Search the listing below for the line containing "管道疏通剂厨房地漏排水管油污毛发溶解器水槽厕所除臭通下水道". From there through the line containing "Samochód: Bok, Żółty, Ford Mustang GT", transcribe every line exactly, both ends included.

RAW DATA
'''
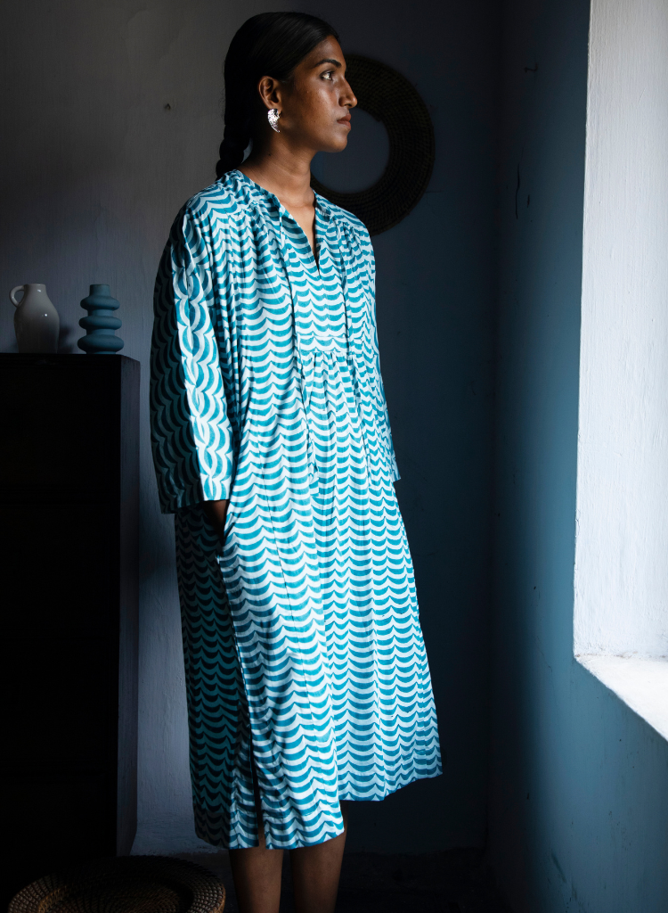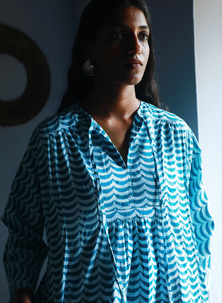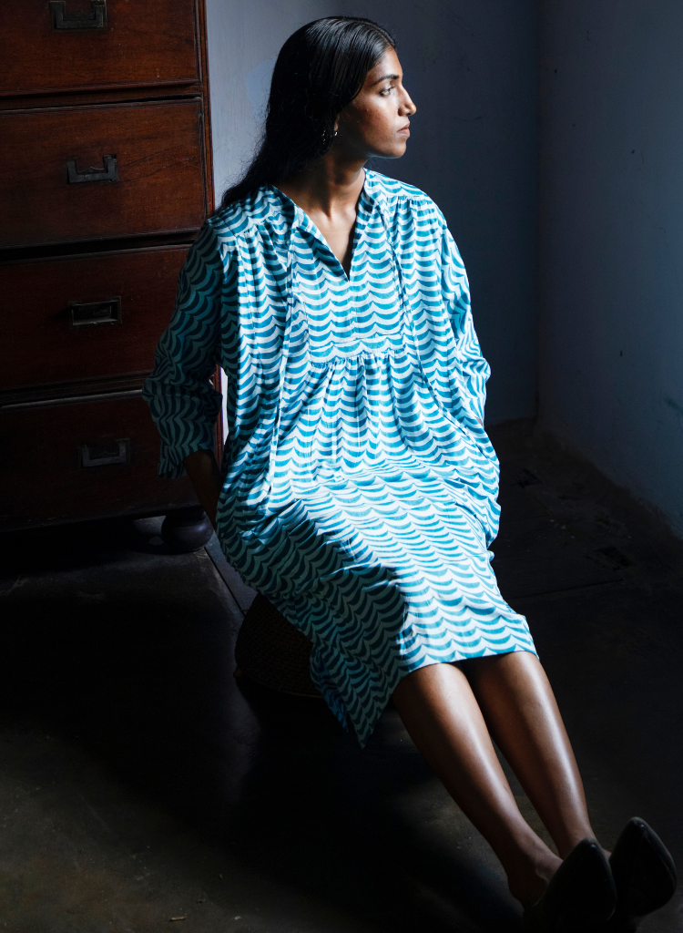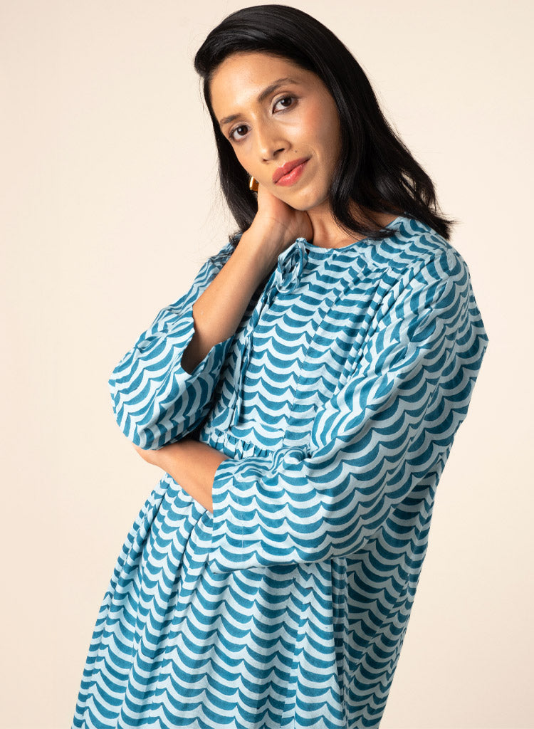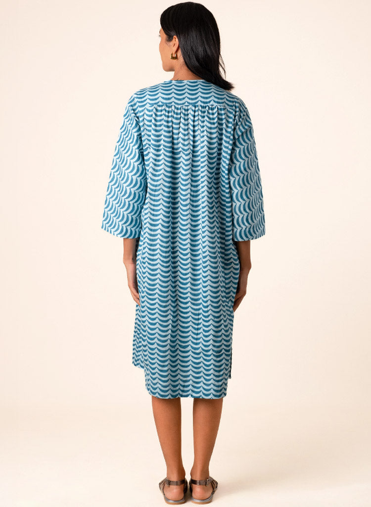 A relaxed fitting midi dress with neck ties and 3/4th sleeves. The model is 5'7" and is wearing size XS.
'''
'''
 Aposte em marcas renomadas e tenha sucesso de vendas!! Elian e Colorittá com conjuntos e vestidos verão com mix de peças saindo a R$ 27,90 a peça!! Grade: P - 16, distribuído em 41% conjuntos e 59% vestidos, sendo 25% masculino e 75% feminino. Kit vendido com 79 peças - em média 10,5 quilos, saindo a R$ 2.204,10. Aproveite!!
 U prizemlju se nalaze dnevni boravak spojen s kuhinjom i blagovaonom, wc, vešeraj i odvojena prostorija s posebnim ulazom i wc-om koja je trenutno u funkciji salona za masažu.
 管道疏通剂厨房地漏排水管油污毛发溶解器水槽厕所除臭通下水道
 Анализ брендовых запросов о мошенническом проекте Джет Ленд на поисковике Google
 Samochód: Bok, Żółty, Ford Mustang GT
'''
'''
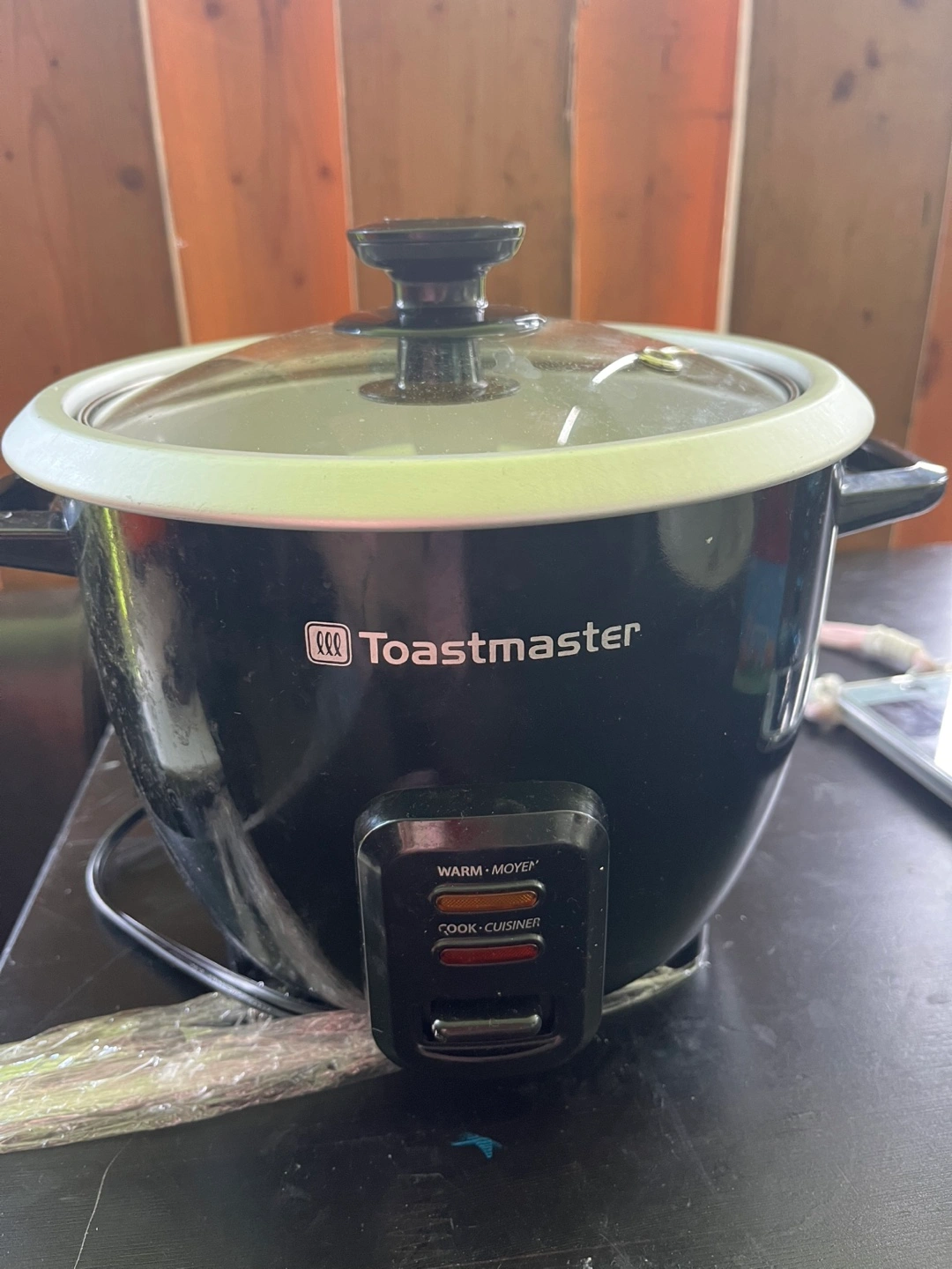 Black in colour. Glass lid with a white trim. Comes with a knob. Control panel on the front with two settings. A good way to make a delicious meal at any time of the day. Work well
'''
WRITTEN REPLY
 管道疏通剂厨房地漏排水管油污毛发溶解器水槽厕所除臭通下水道
 Анализ брендовых запросов о мошенническом проекте Джет Ленд на поисковике Google
 Samochód: Bok, Żółty, Ford Mustang GT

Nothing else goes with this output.